■ **What is being asked**:
Please set down only the lines below starting with the line with "1. A 65-year-old" and going on through the line with "YSL 25S GABY", verbatim and without pictures.

■ **Source data**:
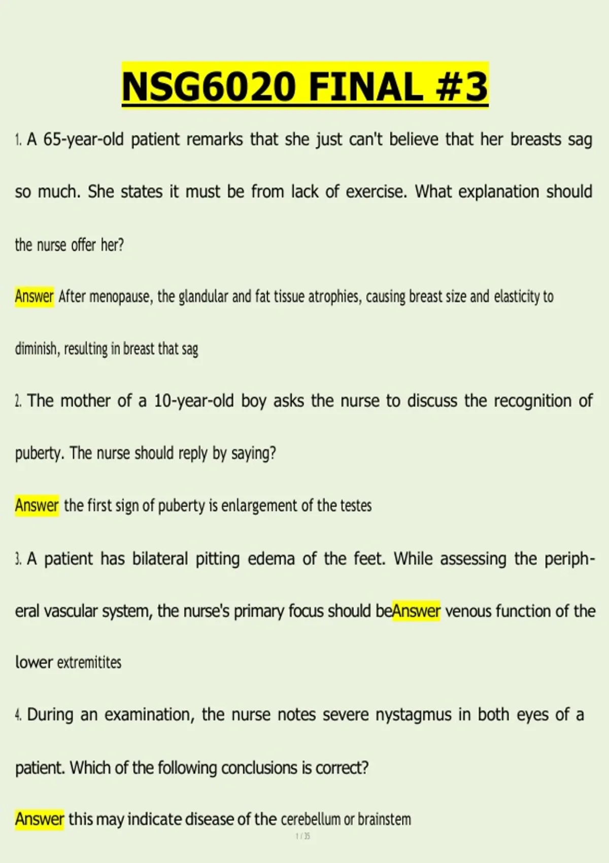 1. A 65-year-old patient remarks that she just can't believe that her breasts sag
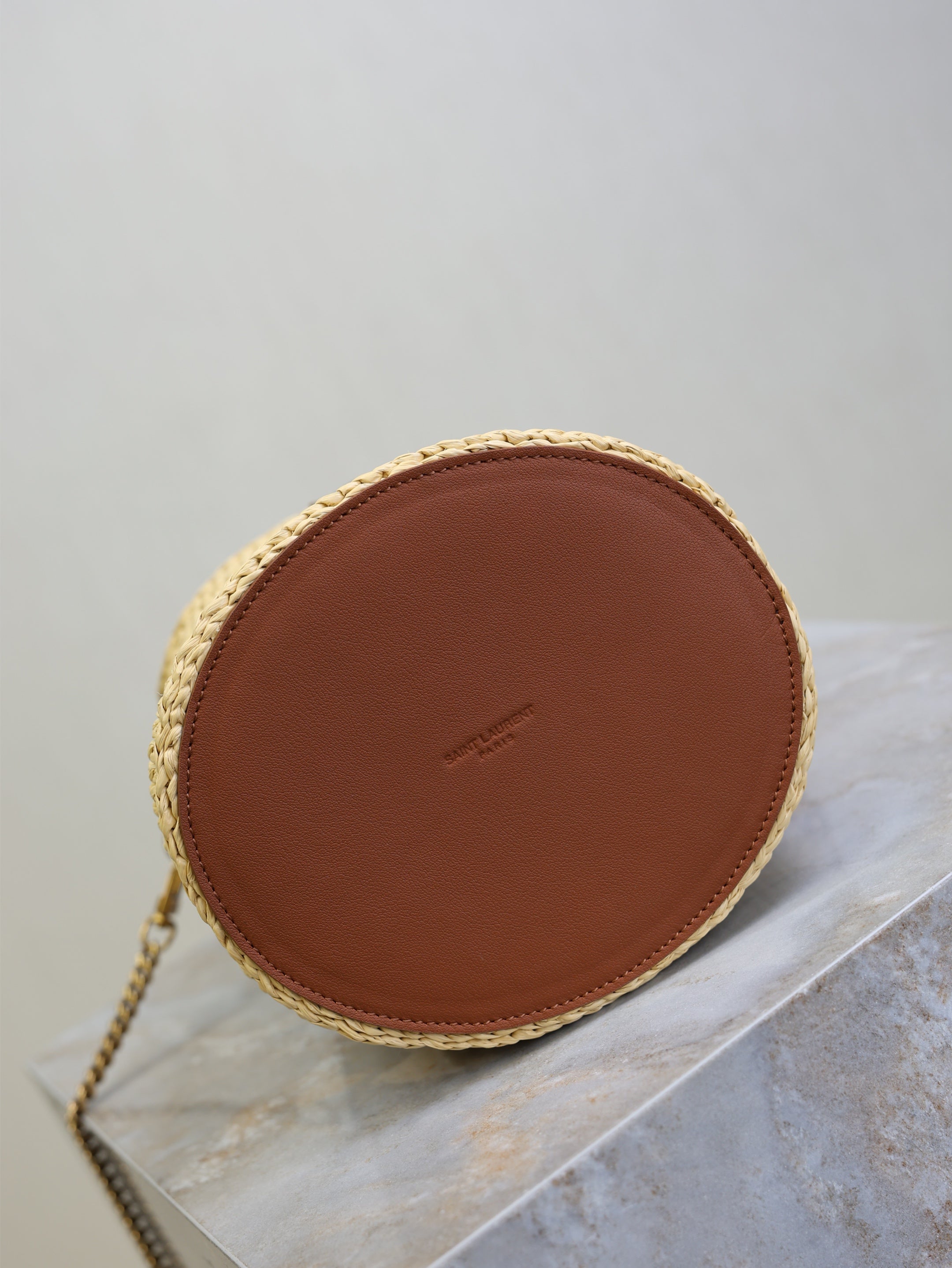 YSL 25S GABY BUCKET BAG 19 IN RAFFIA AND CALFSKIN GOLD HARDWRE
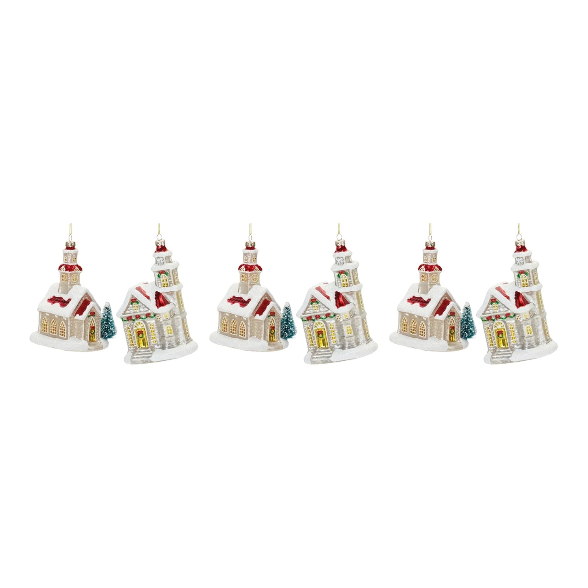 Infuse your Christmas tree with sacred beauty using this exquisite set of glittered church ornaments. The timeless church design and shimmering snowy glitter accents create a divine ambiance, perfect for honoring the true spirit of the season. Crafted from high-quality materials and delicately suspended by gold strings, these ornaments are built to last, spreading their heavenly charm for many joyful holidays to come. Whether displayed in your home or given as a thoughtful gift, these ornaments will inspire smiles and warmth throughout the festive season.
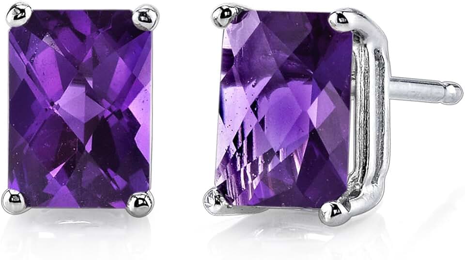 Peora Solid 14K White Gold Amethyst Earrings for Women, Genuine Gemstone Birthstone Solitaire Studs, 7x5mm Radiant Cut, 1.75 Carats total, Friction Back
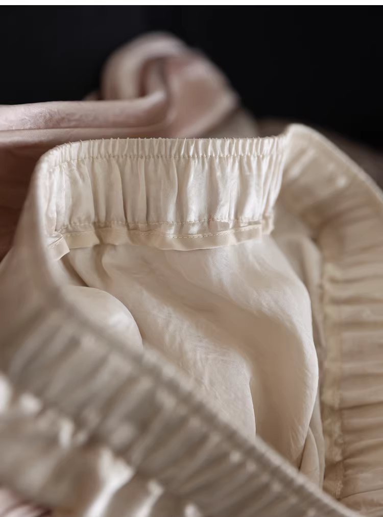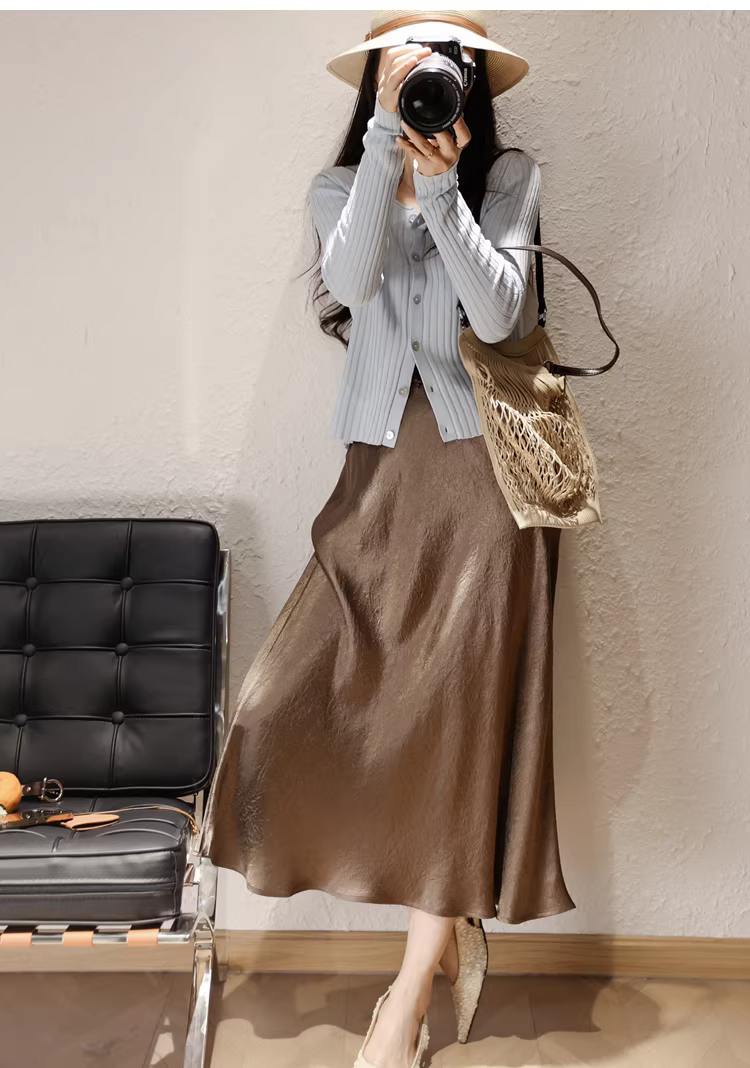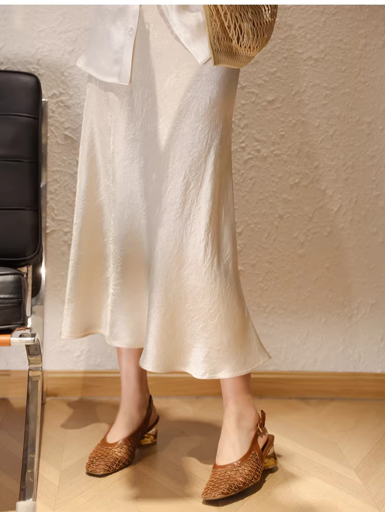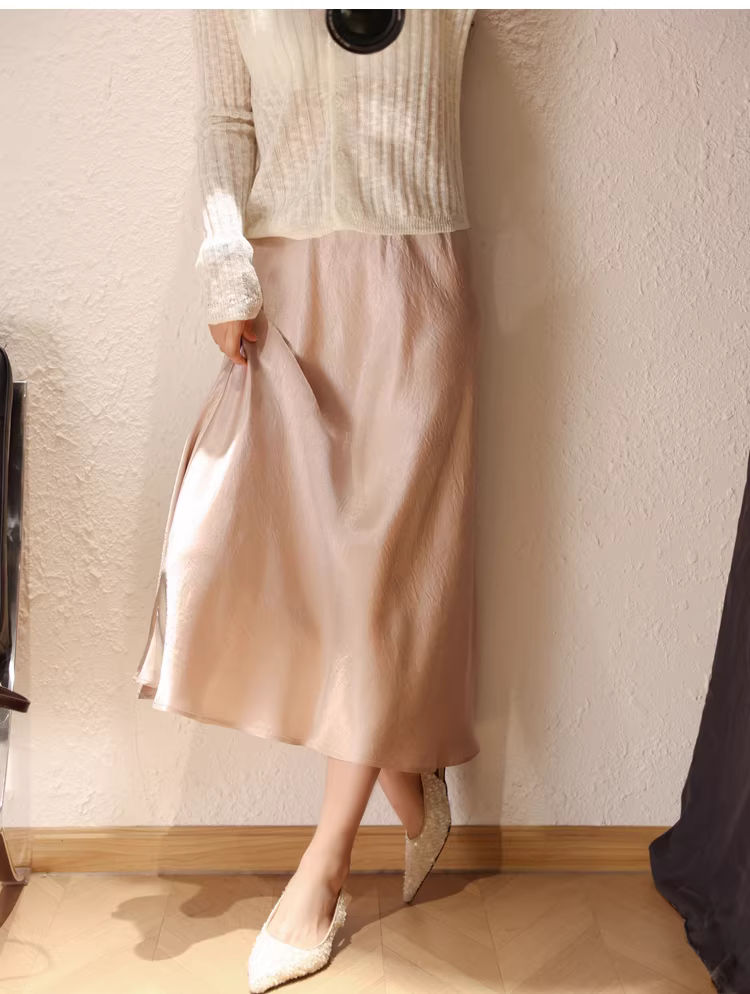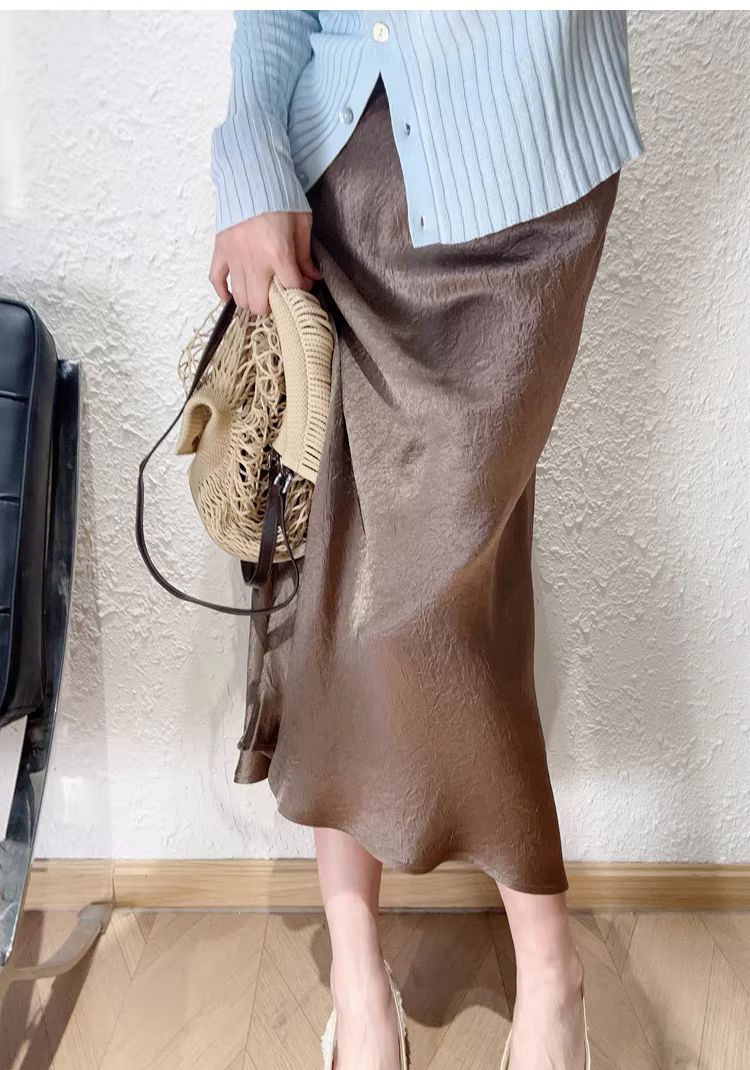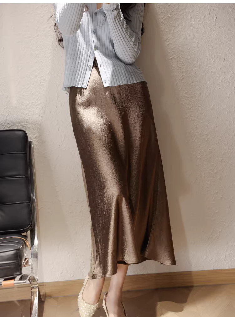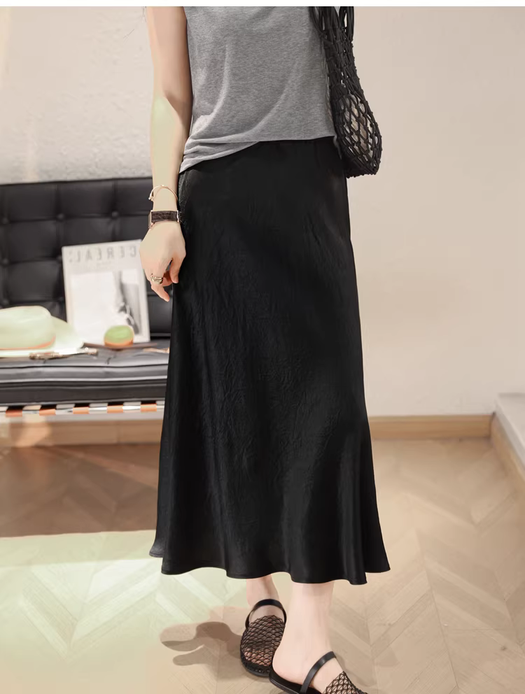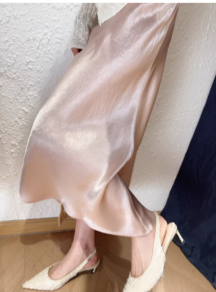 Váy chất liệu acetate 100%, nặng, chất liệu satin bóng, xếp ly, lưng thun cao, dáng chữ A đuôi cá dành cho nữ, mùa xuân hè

...

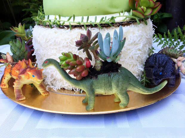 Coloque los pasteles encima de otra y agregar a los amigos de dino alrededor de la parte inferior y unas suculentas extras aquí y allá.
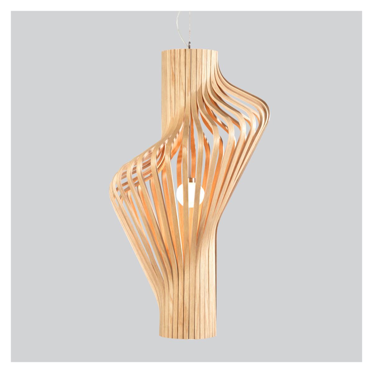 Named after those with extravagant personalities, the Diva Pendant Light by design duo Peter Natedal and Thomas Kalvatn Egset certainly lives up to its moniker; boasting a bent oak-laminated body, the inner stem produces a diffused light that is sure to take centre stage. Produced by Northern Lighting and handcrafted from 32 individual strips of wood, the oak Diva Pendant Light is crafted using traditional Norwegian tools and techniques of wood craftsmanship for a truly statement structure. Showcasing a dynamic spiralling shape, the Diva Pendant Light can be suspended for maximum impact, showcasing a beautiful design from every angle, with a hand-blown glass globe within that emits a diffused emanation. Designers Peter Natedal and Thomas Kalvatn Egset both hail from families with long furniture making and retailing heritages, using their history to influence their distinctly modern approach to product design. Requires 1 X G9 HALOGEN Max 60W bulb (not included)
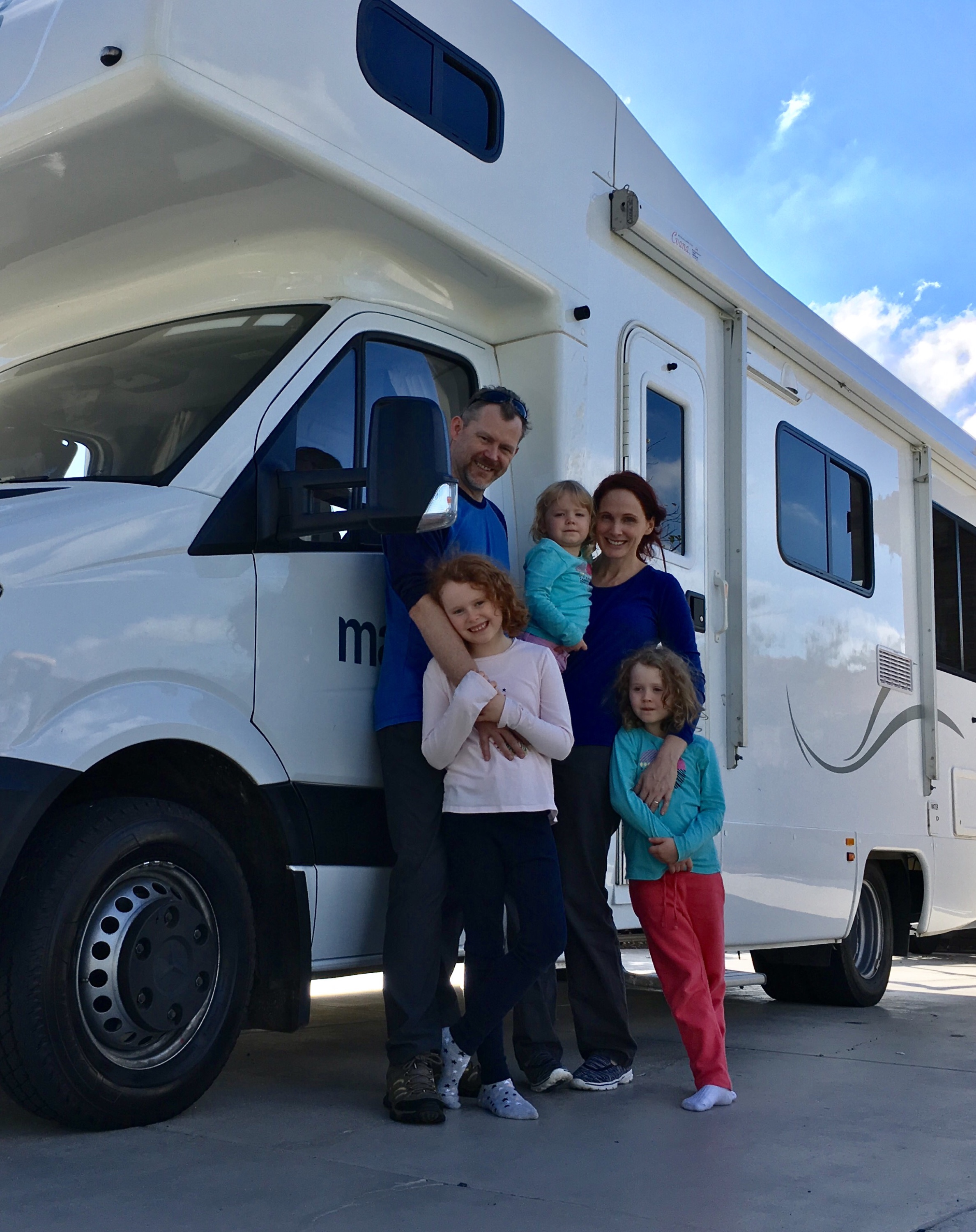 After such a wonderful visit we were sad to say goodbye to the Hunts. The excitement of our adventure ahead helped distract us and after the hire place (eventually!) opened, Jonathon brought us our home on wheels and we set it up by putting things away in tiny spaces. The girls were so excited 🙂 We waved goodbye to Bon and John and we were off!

■ **Answer section**:
 1. A 65-year-old patient remarks that she just can't believe that her breasts sag
 YSL 25S GABY BUCKET BAG 19 IN RAFFIA AND CALFSKIN GOLD HARDWRE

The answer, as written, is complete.